Mary smoothed her blouse across the angles of her body and played with her cuffs as she waited for the president to come to the phone. In her innocuous passive-aggressive style, she had made him wait for the list of names that threatened his very life, as punishment for an act that could jeopardize her job: his delay in signing a fresh contract.
“President Kolo?”
“To whom do I have the pleasure of speaking?” Kolo oozed an unconvincing confidence.
She took heart from the fact that his apparent poise would be short-lived. “Glass. Mary Glass, sir. I have some bad news.”
Kolo’s breath grew louder and more erratic.
Suffused with pleasure, Mary recited the news in a neutral monotone. “I’ve got three names for you. The ministers of Information, Women’s Affairs and Justice.”
“These people are planning coups! But this can’t be. These are my closest allies! They are all from my home state, Ms. Glass. The minister of information is my personal confidant!”

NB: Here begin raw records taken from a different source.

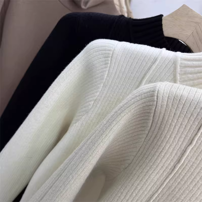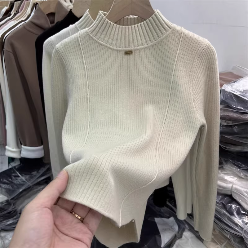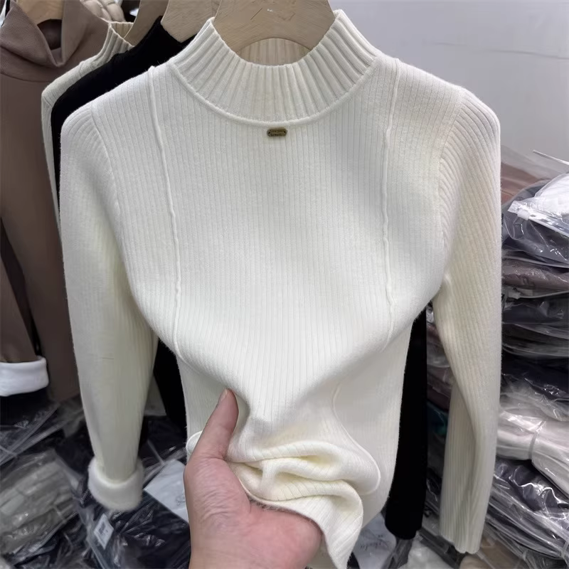 - Hàng thanh lý quần áo nữ châu Âu, áo len giảm giá đã tháo mác, lót lông cừu dày dặn, áo len giữ nhiệt cổ lọ nửa cao mùa đông có lớp lông cừu tích hợp.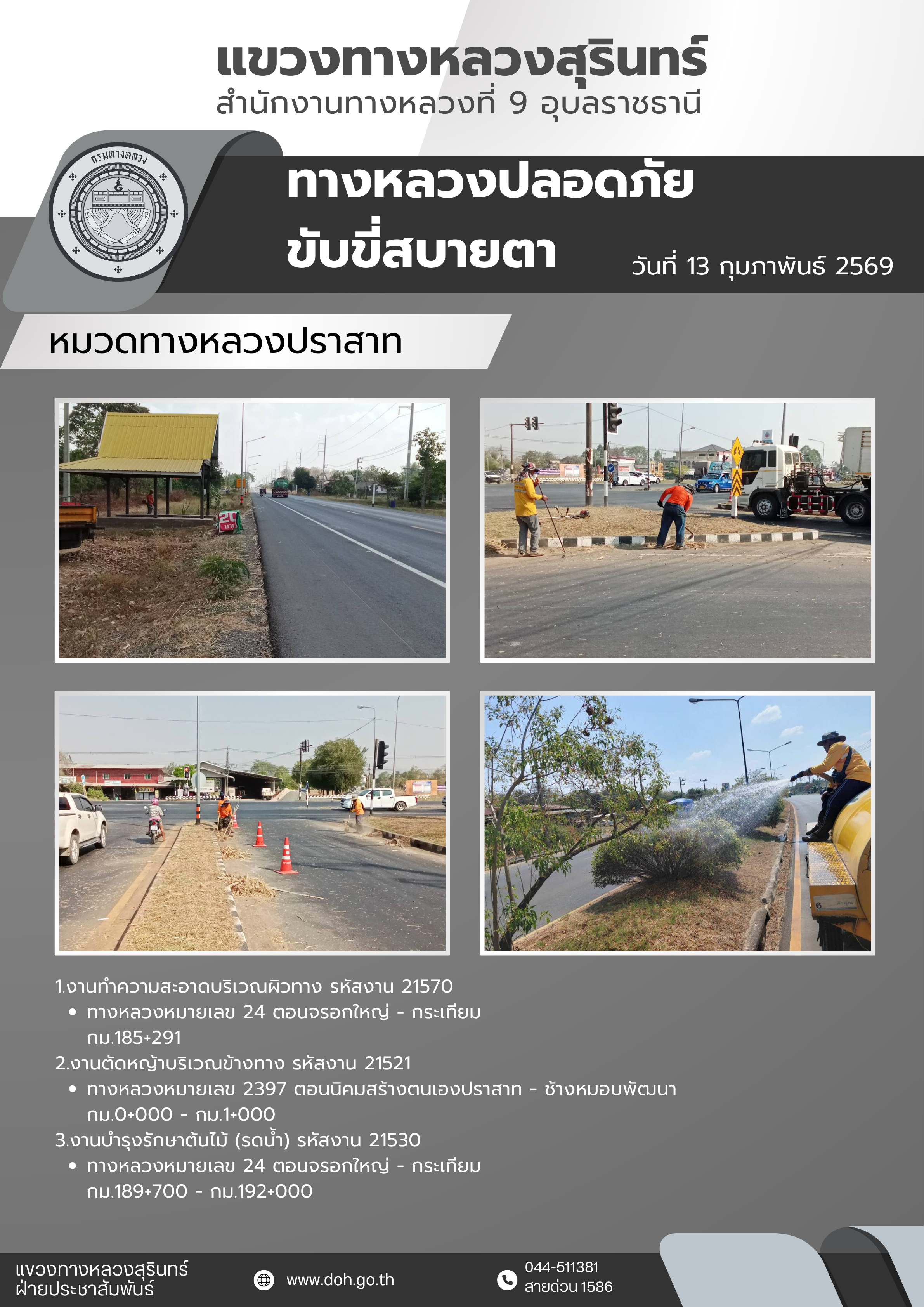 ทางหลวงปลอดภัย ขับขี่สบายตา 13 กุมภาพันธ์ 2569 |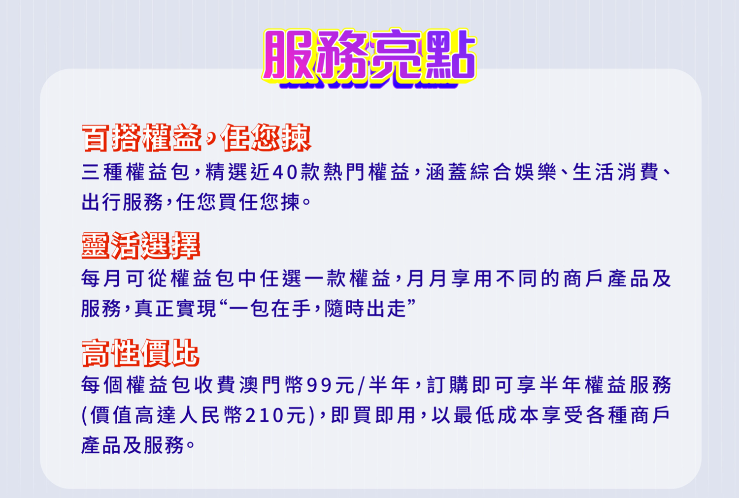 可辦理:選號上台、購買手機、領取優惠券和配對內地號碼轉台。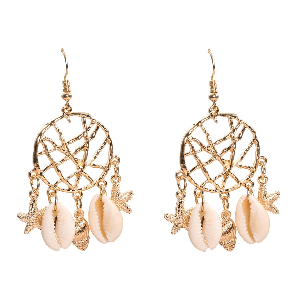 Fashion Shell Conch Sea Star Dream Catcher Earrings For Women Alloy Material With Electroplating Inlaid With Artificial And Semi Precious Stones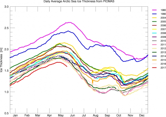 Animacja z danych map PIOMAS przedstawia zmiany w grubości lodu morskiego między 30 kwietnia a 31 maja 2017. Na dużym obszarze wzdłuż wysp Archipelagu Arktycznego spadła grubość lodu. Jest on usuwany z Arktyki przez leżące po obu stronach Grenlandii cieśniny Frama i Naresa oraz wypychany przez wiatr na Morze Beauforta.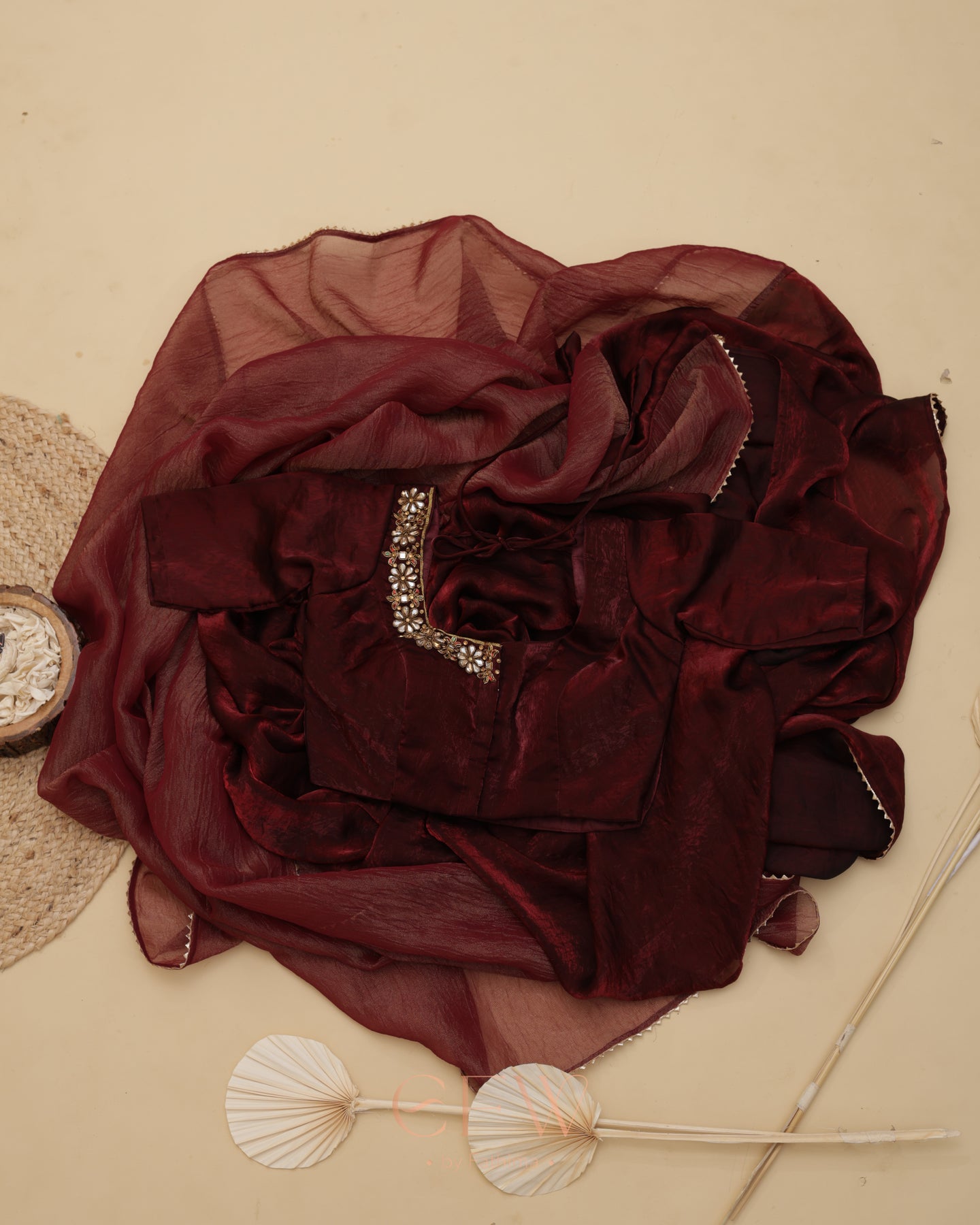 Illuminate your festivities in the Garnet Diya Blossom Saree Set. The saree flows in a rich wine/burgundy with a soft metallic sheen and a delicate gota edging—elegant, minimal, and radiant under diya light. The blouse is the show-stopper: deep garnet with a hand-worked floral border along the U-neck, accented with mirror/sequence and metallic zari highlights, evoking Diwali pushp (flowers) and rows of lamps.

Kolo’s voice edged into panic. However, Mary had no interest in soothing his fears. She needed the contract signed. Using another tool from childhood, she paid no attention to the rise in dramatic tension, communicating instead a bland indifference to his fate. “So, where do you wish to meet, sir, to sign the contract?” she asked.
“The contract? Ah, yes. Let’s discuss the terms again. You want political control of this country through its water and energy resources, correct?”

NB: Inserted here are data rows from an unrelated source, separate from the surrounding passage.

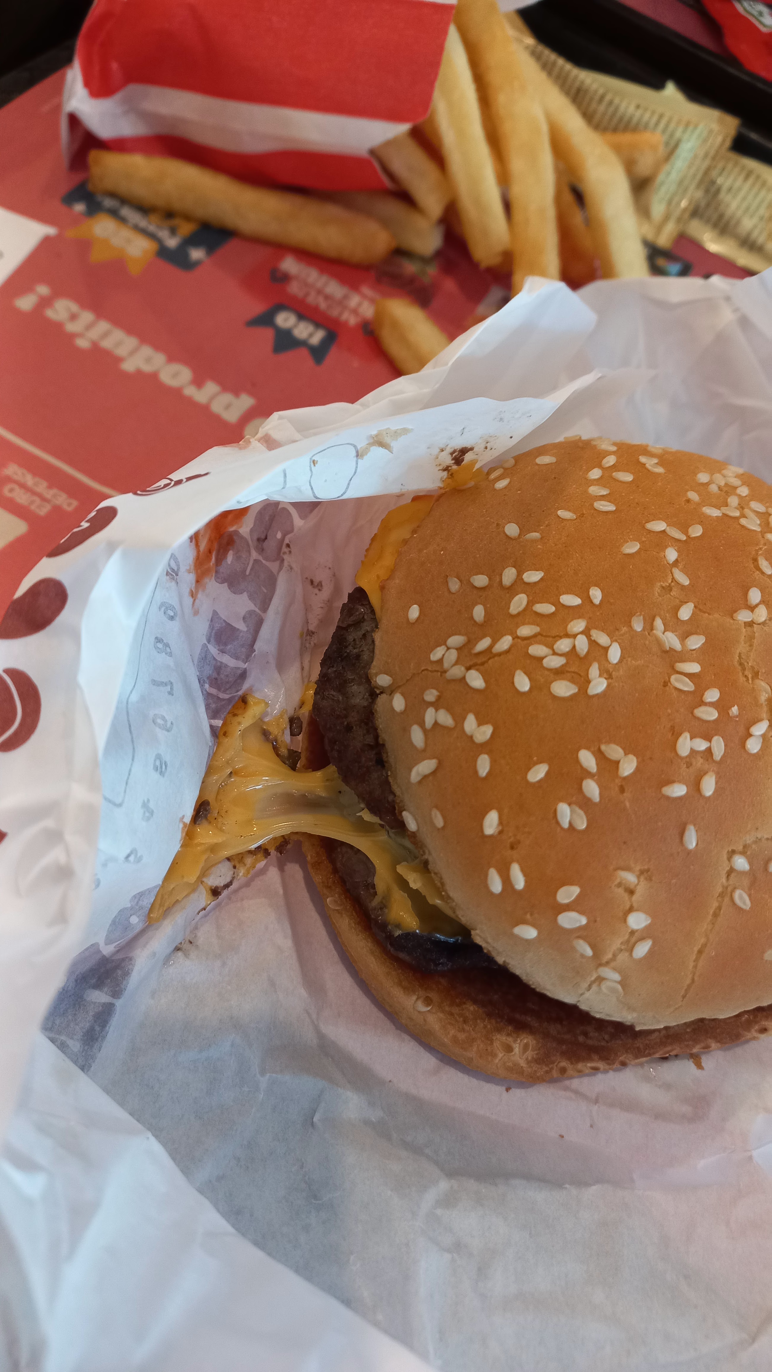 Le fromage du maître poulet était froid et sec, tandis que le triple cheeseburger (cf. image ci-dessous) était assez moyen. Les frites ont généralement meilleur goût dans les autres magasins Bk.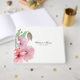 libro de boda blanco bonito con acuarela de adornos rosados. Personaliza el texto negro para tu día especial.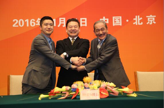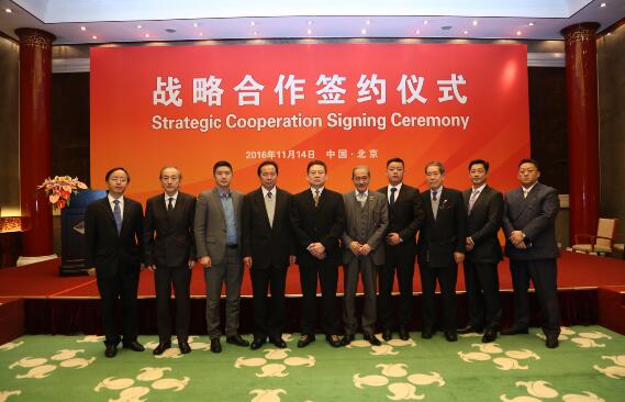11月14日下午,Continental Clean Energy INC,中廣核太陽能開發有限公司,聯合國創(北京)投資管理有限公司戰略合作簽約儀式在釣魚臺國賓館舉行。中廣核太陽能開發有限公司投資部部長曹長森先生、日本大陸能源控股集團董事長牧資章先生、發改委新產業投資中心王濤主任、聯合國創(北京)投資管理公司董事長馬建校先生,北京君輝新能源科技有限公司董事蕭紅明先生,日本大陸能源控股集團董事副社長松坂工先生、佐佐木良太先生,出席了簽約儀式。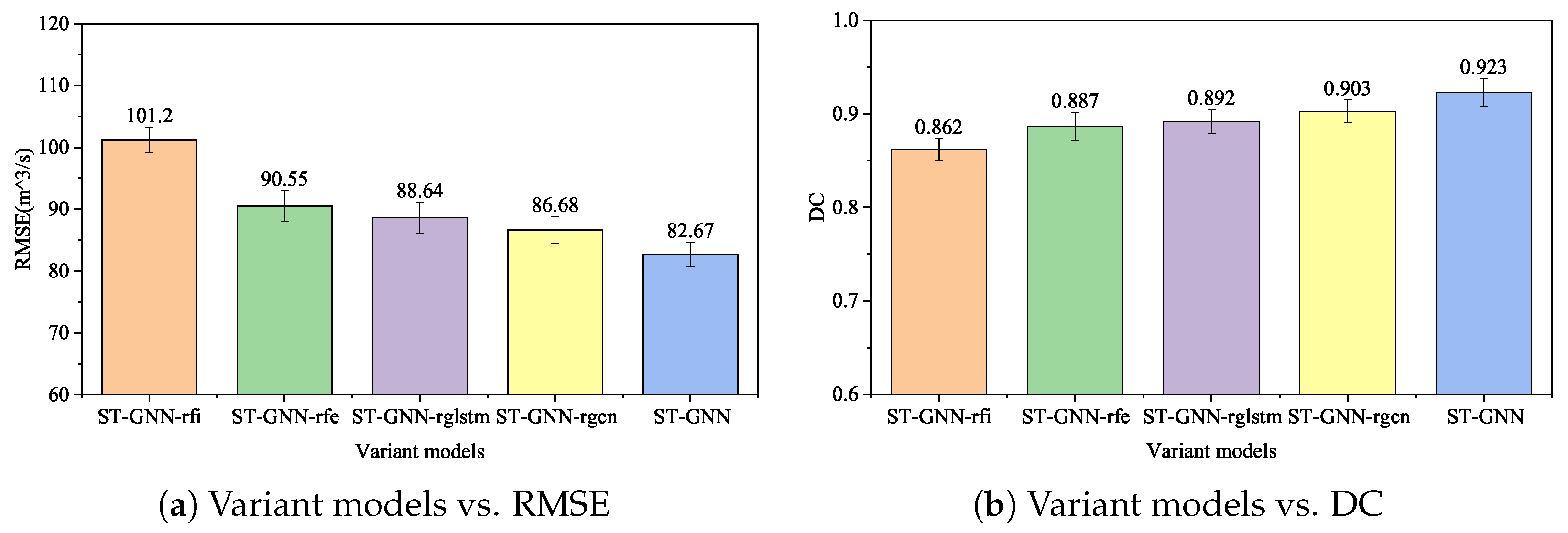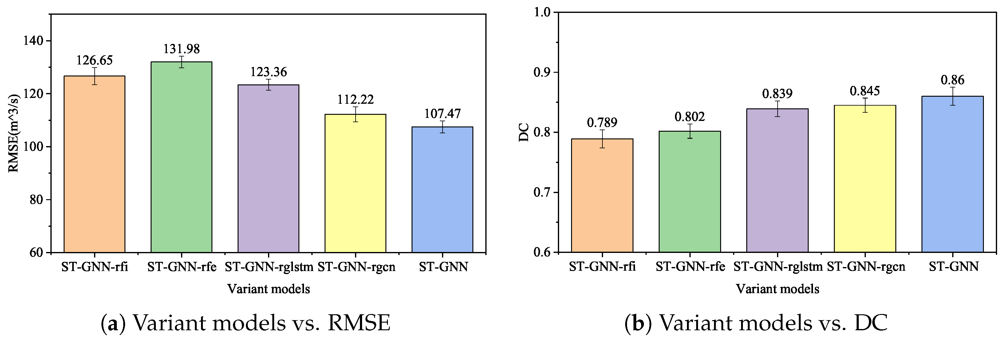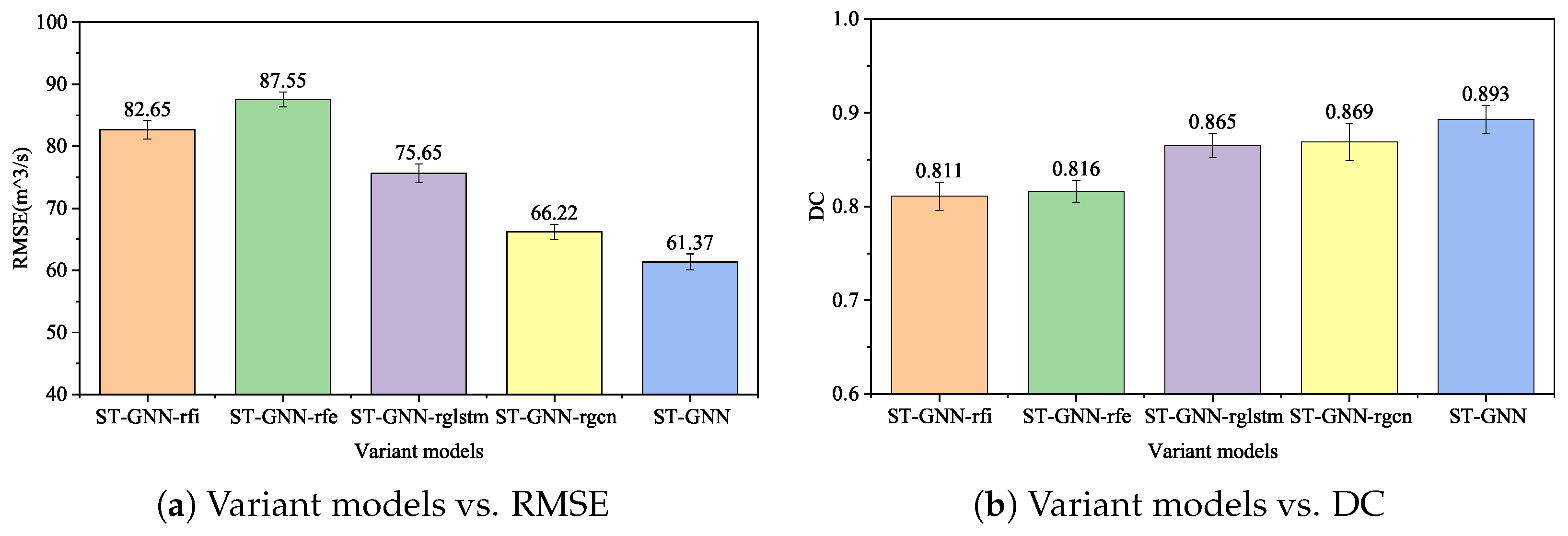 - ST-GNN-rfi: The variant model of ST-GNN that removes future rainfall input module.

> The thin trickle of blood that coursed through Mary’s tight veins almost ceased its pilgrimage around her body. “Well, Mr. President, I am just eager to get the original contract re-signed.”
Kolo left a silence. A silence that he, without question, expected Mary to fill.
Knowing that rival bids offered the most logical explanation of his conduct, Mary had no choice: she suggested a 40-percent guaranteed return on profits from water rights.
“Interesting,” he replied. The sucking started.
“President Kolo,” Mary finally broke the silence, “what is it you want?”
“Fifty-five-percent return.” He announced this without apology.
“But our initial outlay alone, the cost of the dam …”
“Ah, thank you for reminding me. The World Bank will only lend 60 percent of the financing requested. So, I’m afraid you will have to assume the extra burden.”
“Pardon? But that’s not poss—”
“You don’t know this country,” Kolo sighed. “It’s a mathematician’s paradise. One dollar earned is two dollars bribed. Consider them tariffs. As president, I am expected to offer enticements to my people—well, I suppose the anglo tribe would call it my ethnic group—and my political supporters. I am, if you like, the chief of the village, the head of the family.”
Mary could hardly believe it. In one move, he had managed to transform his government’s position from victim to victor, with a majority share in profits for less outlay. He had used the distorted mindset of the corporation to his full advantage. She studied the contours of this new deal. Finally, desperate to keep her job, Mary agreed.
“Thank you so much, Ms. Glass,” Kolo rasped. “It’s such a joy working with you.”
After she hung up, Mary flopped back in her chair, wondering what else could go wrong with her week. It took only a few days for her to find out.
Astro had specially decorated his apartment for Barbara’s return, dotting small sparkles of twinkling white lights on the living-room ceiling, like stars in the night sky.
After ten days of solo activity, Barbara could hardly wait to substitute the plastic and batteries for flesh and blood.